**** Source records

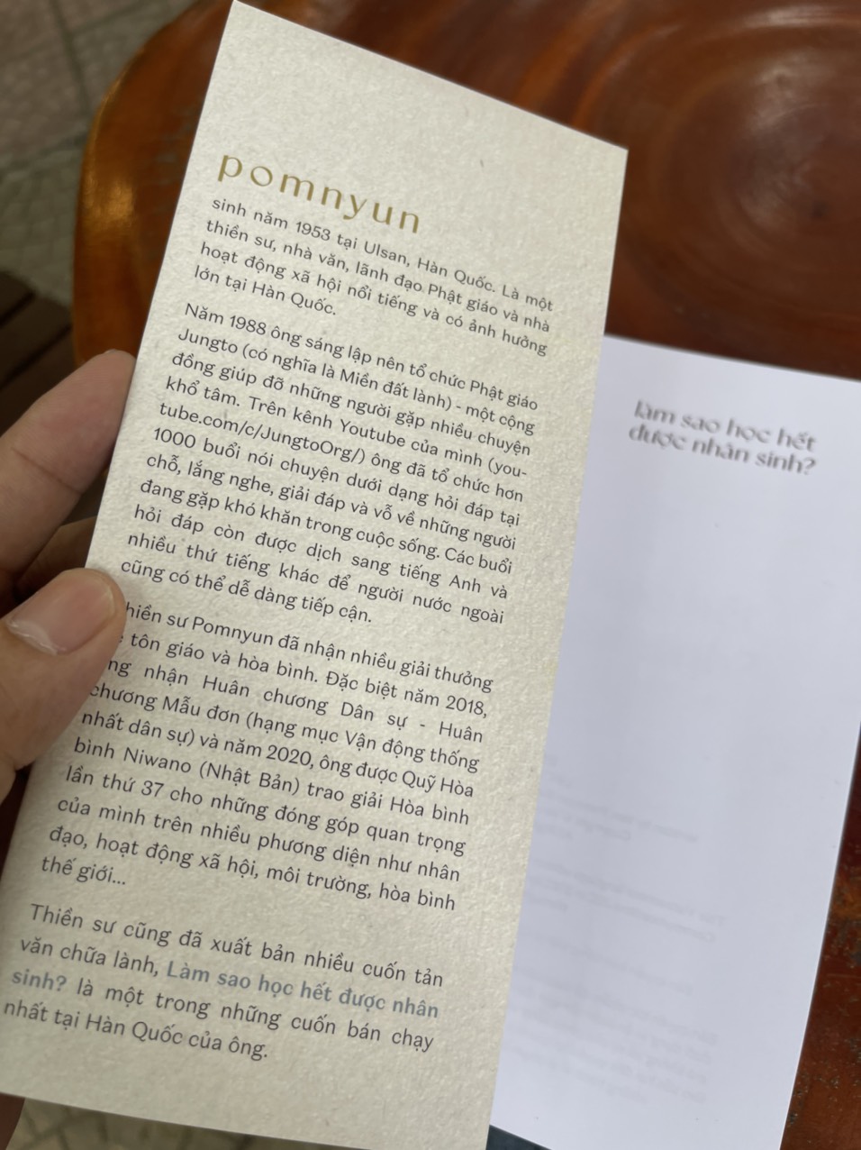 Một cuốn sách không chỉ vỗ về tâm hồn bạn đang tổn thương mà còn thức tỉnh tâm trí bạn vẫn còn mù mờ. Kể từ lần xuất bản đầu tiên năm 2013, Làm sao học hết được nhân sinh? đã nhiều tuần đứng đầu danh sách sách bán chạy và liên tục nằm trong top 10 sách Phật giáo được nhiều người đọc nhất tại Hàn Quốc.
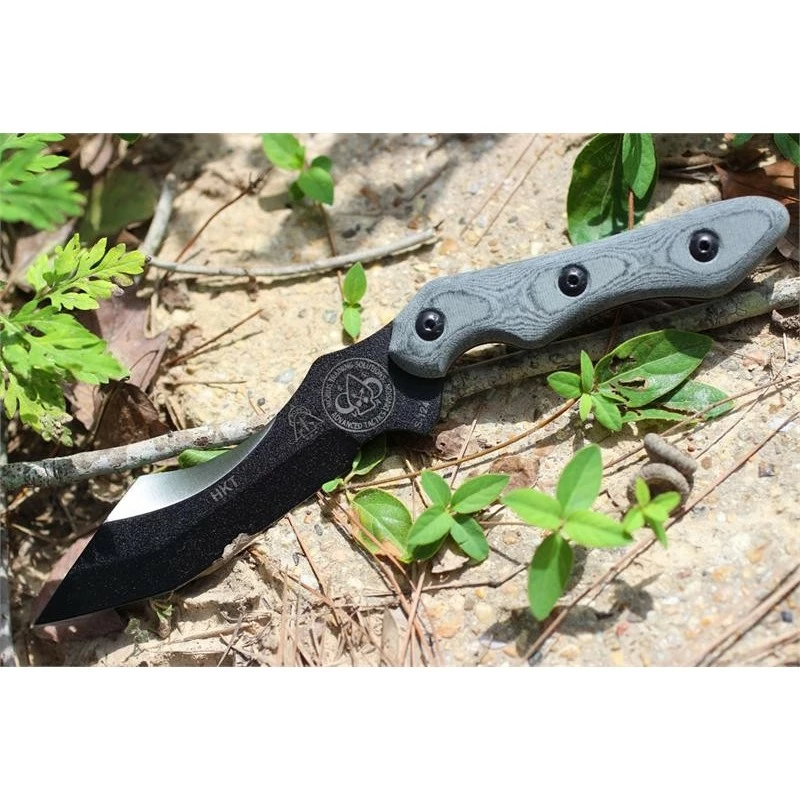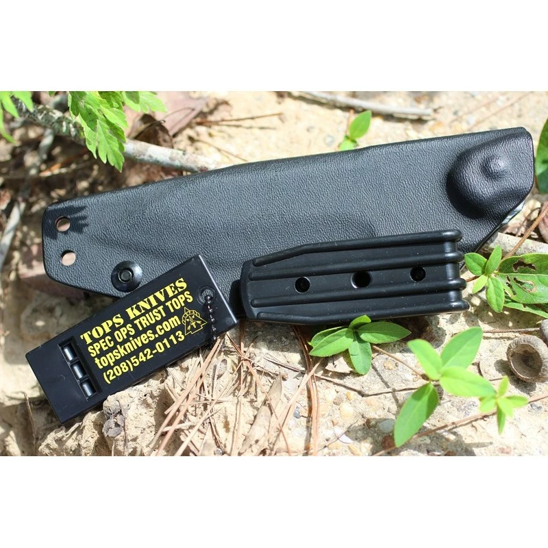 HKT (Hunter Killer Tracker) – 9 1/4″ overall. 5″ 1095 high carbon steel blade with black traction coating. Full tang. Black linen micarta handles. Molded black Kydex sheath with clip. Comes with bonus TOPS Survival whistle. The HKT design incorporates a broad cutting surface and an offset grip angle in order to better facilitate the forward thrust style of attack, in addition to slashing. The wide bodied blade of the HKT is complimented by the signature concave strike face of the Back Bite fighting knife to facilitate supreme combative application.
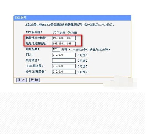 3、如图,将地址池地址重设一下,排除开之前设过的静态IP地址。点保存就可以了。
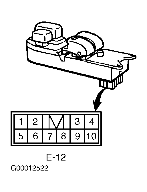 Remove power window main switch from trim panel. Apply battery positive voltage to switch terminal No. 13. Apply ground to switch terminal No. 12. See Figure . Continuity should be present at specified terminals. See POWER WINDOW MAIN SWITCH CONTINUITY  table. If continuity is not as specified, replace power window main switch.
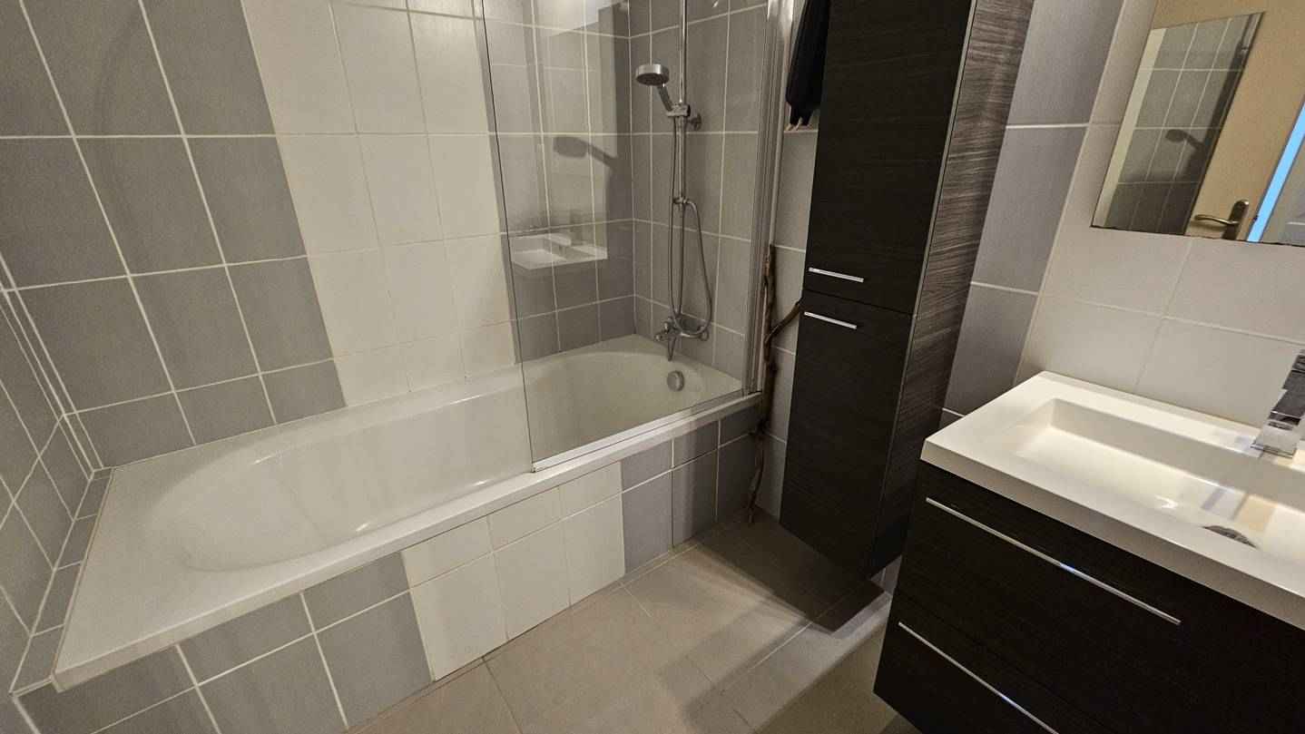 - Salle de bain : baignoire, vasque, sèche-serviette.

********

# Exercise:
Set down the records precisely as they appear. Any picture stays out.

# Task response:
 Một cuốn sách không chỉ vỗ về tâm hồn bạn đang tổn thương mà còn thức tỉnh tâm trí bạn vẫn còn mù mờ. Kể từ lần xuất bản đầu tiên năm 2013, Làm sao học hết được nhân sinh? đã nhiều tuần đứng đầu danh sách sách bán chạy và liên tục nằm trong top 10 sách Phật giáo được nhiều người đọc nhất tại Hàn Quốc.
 HKT (Hunter Killer Tracker) – 9 1/4″ overall. 5″ 1095 high carbon steel blade with black traction coating. Full tang. Black linen micarta handles. Molded black Kydex sheath with clip. Comes with bonus TOPS Survival whistle. The HKT design incorporates a broad cutting surface and an offset grip angle in order to better facilitate the forward thrust style of attack, in addition to slashing. The wide bodied blade of the HKT is complimented by the signature concave strike face of the Back Bite fighting knife to facilitate supreme combative application.
 3、如图,将地址池地址重设一下,排除开之前设过的静态IP地址。点保存就可以了。
 Remove power window main switch from trim panel. Apply battery positive voltage to switch terminal No. 13. Apply ground to switch terminal No. 12. See Figure . Continuity should be present at specified terminals. See POWER WINDOW MAIN SWITCH CONTINUITY  table. If continuity is not as specified, replace power window main switch.
 - Salle de bain : baignoire, vasque, sèche-serviette.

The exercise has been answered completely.